Kitchen benchtop replacement
By Donna Webeck, Joanna Mathers

Kitchens are called the heart of the home for a very valid reason – its where the family congregates, friends gather and where unforgettable memories are made. It also stands to reason then that the kitchen is always a key focus for renovators, propelling this hub of the home back into the modern era.
While it is, of course, critical to lock down important decisions regarding layout, colour scheme and appliances, it’s the hero of this highly-popular room which needs the most attention: the not-so-humble kitchen bench.
With a myriad of options available to renovators, starting from lower end laminates, through to mid-range stone and beyond into the ultra-luxurious marble and granite finishes, there are a variety of kitchen benchtop choices to suit every Australian’s budget. Ranging from as little as $350 per square metre for laminate, through to approx. $4,000 for a slab of superior marble, we’ve broken down your choices by basic, mid-range and high-end, to help solve your kitchen benchtop renovation queries.

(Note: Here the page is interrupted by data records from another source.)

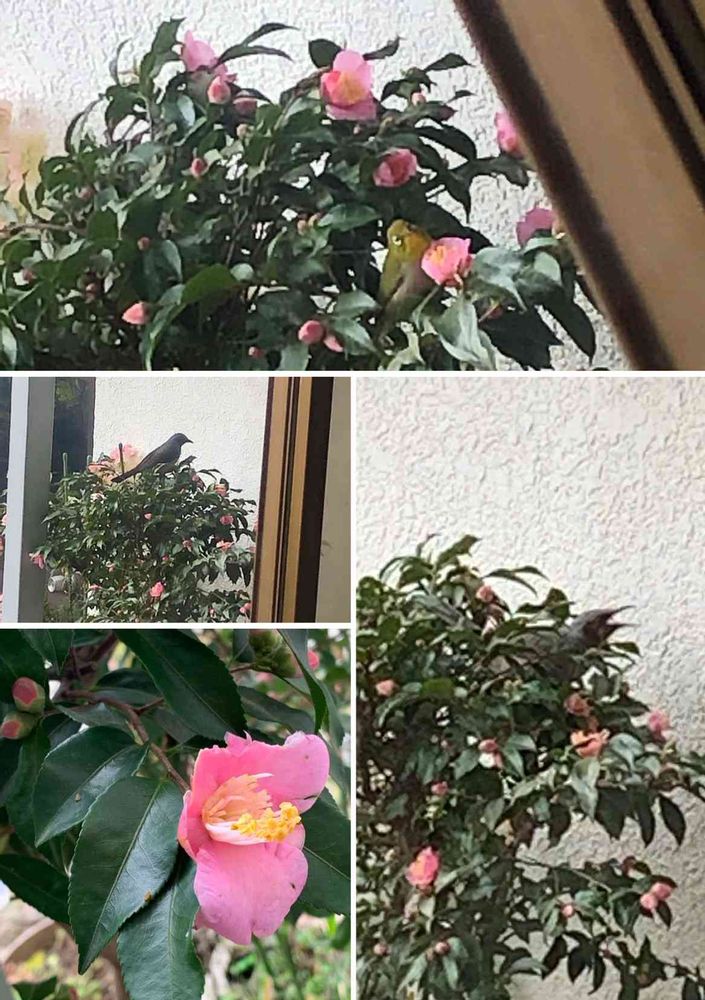 メジロ🐦が咲き出した姫椿をツンツン😚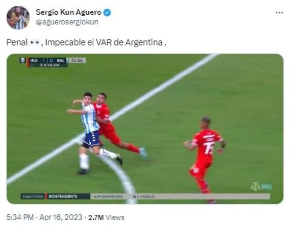 El clima caliente también se vivió en las redes sociales, tal es así que el Kun Agüero también se quejó. "Penal. Impecable el VAR de Argentina", escribió con ironía con una foto de la jugada.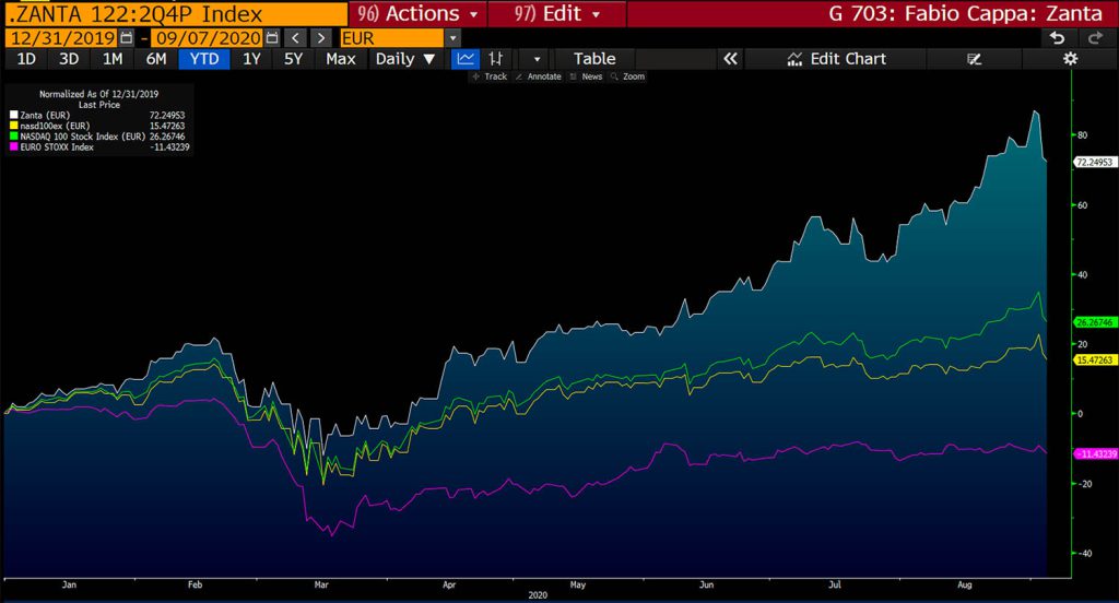 Nel grafico allegato a queste righe, rettificate per il cambio Eur-Usd, in quanto un investitore italiano ha generalmente subito la flessione del dollaro sull’euro, ho creato lo “Zanta Index” (linea bianca) che da solo da Gennaio 2020 ha registrato una performance da capogiro del 72,25%, questo parametrando proporzionalmente i pesi che i 5 titoli hanno nel Nasdaq 100.

“A laminate benchtop still provides the most cost-effective solution for those customers on a budget,” confirms Refresh renovation expert Nielen Prince. “Laminate benchtops come in a vast range of selections and are an affordable option, plus all installation requirements can be dealt with on-site, further saving time and money.”
A trusted choice for decades, this cost-effective material comes in an extensive array of colours and patterns, and, at times, is even mistaken for stone. It ranges through to $350 - $650 per square metre for higher-end laminates.

Laminate benchtop costs

From $350 per m2 
For further inspiration, take a look at this Laminex benchtop.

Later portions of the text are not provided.